Thrindex is a memory layer for AI agents. Your agent writes what it learns and retrieves what it needs - automatically, at every turn.

  • Persistent memory across sessions, users and agents
  • Semantic search powered by multi-signal fusion ranking
  • p99 retrieval under 100ms - so your agents never wait on memory
  • LLM extraction - send raw conversation turns, get clean facts stored automatically

Install

# Python
pip install thrindex

# TypeScript / JavaScript
npm install thrindex

Quickstart

Three lines to add memory to any agent.

Python

from thrindex import Thrindex

client = Thrindex(api_key="th_live_...")

# Store a memory
memory_id = client.add(
    "User prefers concise responses and dislikes jargon",
    agent_id="my-agent",
    user_id="user-42",
)

# Retrieve relevant memories
memories = client.search(
    "how should I respond to this user?",
    agent_id="my-agent",
    user_id="user-42",
)

for m in memories:
    print(m.content, m.score)

TypeScript

import { ThrindexClient } from 'thrindex';

const client = new ThrindexClient({ apiKey: 'th_live_...' });

// Store a memory
const id = await client.add({
  content: 'User prefers concise responses and dislikes jargon',
  agentId: 'my-agent',
  userId: 'user-42',
});

// Retrieve relevant memories
const memories = await client.search({
  query: 'how should I respond to this user?',
  agentId: 'my-agent',
  userId: 'user-42',
});

Async Python

from thrindex import AsyncThrindex

async with AsyncThrindex(api_key="th_live_...") as client:
    memory_id = await client.add(
        "User is based in Berlin and works in fintech",
        agent_id="my-agent",
        user_id="user-42",
    )

Integrations

Drop Thrindex into your existing LLM calls with one wrapper. Memories are injected into every request and captured from every response - automatically.

OpenAI

from openai import OpenAI
from thrindex import Thrindex
from thrindex.integrations.openai import ThrindexOpenAI

openai_client = OpenAI(api_key="sk-...")
thrindex_client = Thrindex(api_key="th_live_...")

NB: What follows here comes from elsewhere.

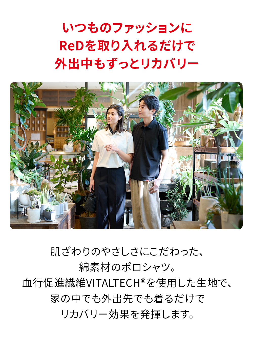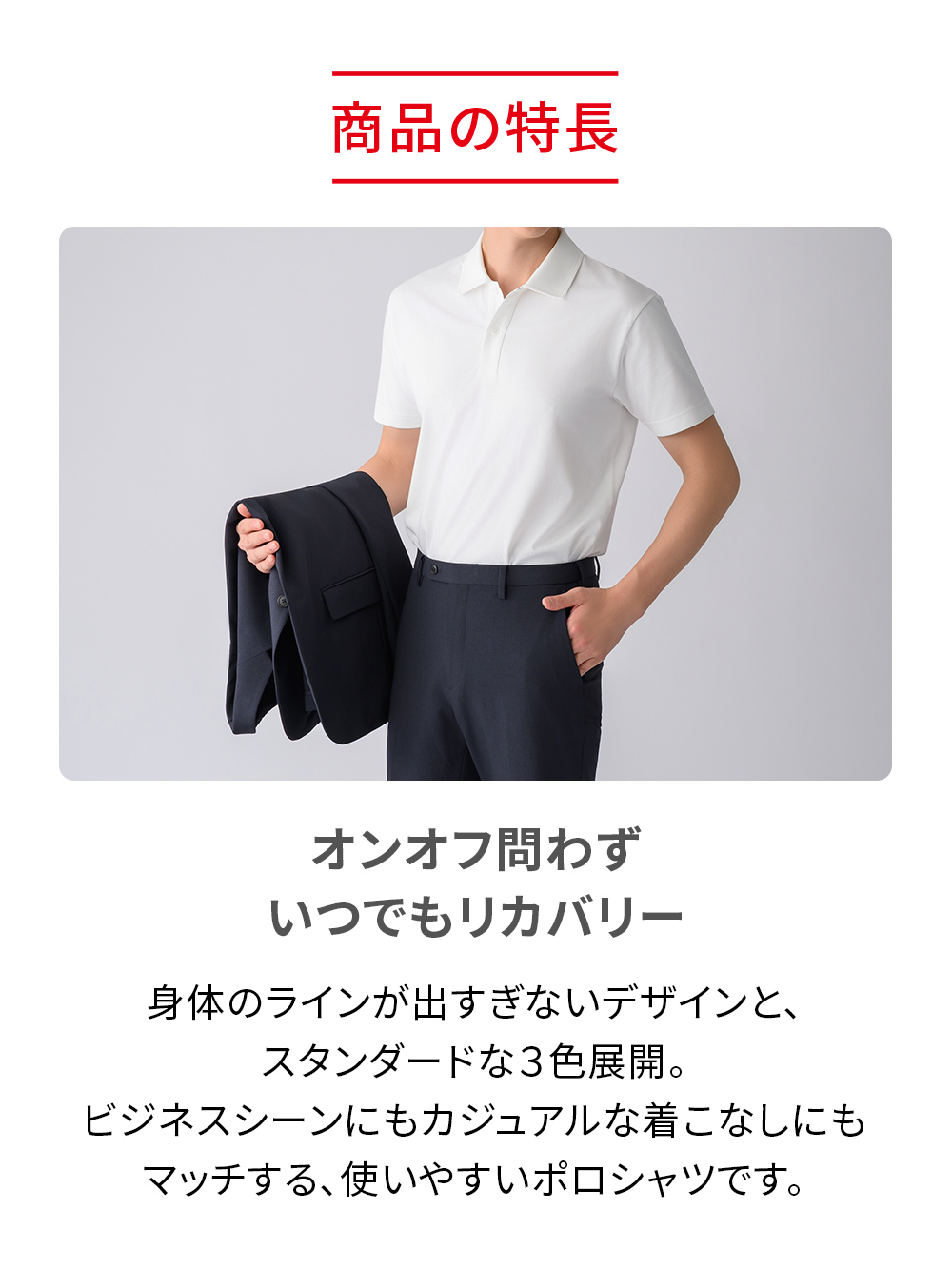 着るだけで遠赤外線の血行促進作用により、疲労回復や筋肉のハリ・コリの緩和などの効果が期待できる、リカバリーウェアの半袖ポロシャツです。

# Wrap your OpenAI client - nothing else changes
client = ThrindexOpenAI(
    thrindex_client=thrindex_client,
    openai_client=openai_client,
    agent_id="my-agent",
    user_id="user-42",
)

# Relevant memories are injected automatically.
# The conversation turn is captured and stored after the call.
response = client.chat.completions.create(
    model="gpt-4o",
    messages=[{"role": "user", "content": "What do you know about me?"}],
)
import OpenAI from 'openai';
import { ThrindexClient } from 'thrindex';
import { ThrindexOpenAI } from 'thrindex/integrations/openai';

const openai = new OpenAI({ apiKey: 'sk-...' });
const thrindex = new ThrindexClient({ apiKey: 'th_live_...' });

const client = new ThrindexOpenAI({ openai, thrindex, agentId: 'my-agent', userId: 'user-42' });

const response = await client.chat.completions.create({
  model: 'gpt-4o',
  messages: [{ role: 'user', content: 'What do you know about me?' }],
});

Anthropic

from anthropic import Anthropic
from thrindex import Thrindex
from thrindex.integrations.anthropic import ThrindexAnthropic

client = ThrindexAnthropic(
    thrindex_client=Thrindex(api_key="th_live_..."),
    anthropic_client=Anthropic(api_key="sk-ant-..."),
    agent_id="my-agent",
    user_id="user-42",
)

response = client.messages.create(
    model="claude-opus-4-5",
    max_tokens=1024,
    messages=[{"role": "user", "content": "What are my preferences?"}],
)
import Anthropic from '@anthropic-ai/sdk';
import { ThrindexClient } from 'thrindex';
import { ThrindexAnthropic } from 'thrindex/integrations/anthropic';

const client = new ThrindexAnthropic({
  anthropic: new Anthropic({ apiKey: 'sk-ant-...' }),
  thrindex: new ThrindexClient({ apiKey: 'th_live_...' }),
  agentId: 'my-agent',
  userId: 'user-42',
});

LangChain

from thrindex.integrations.langchain import ThrindexMemory

memory = ThrindexMemory(
    api_key="th_live_...",
    agent_id="my-agent",
    user_id="user-42",
)
import { ThrindexMemory } from 'thrindex/integrations/langchain';

const memory = new ThrindexMemory({
  apiKey: 'th_live_...',
  agentId: 'my-agent',
  userId: 'user-42',
});

LLM Extraction

By default, Thrindex runs gpt-5.4-nano on every write to extract clean, discrete facts from raw text before storing. Send a full conversation turn - get structured memories out.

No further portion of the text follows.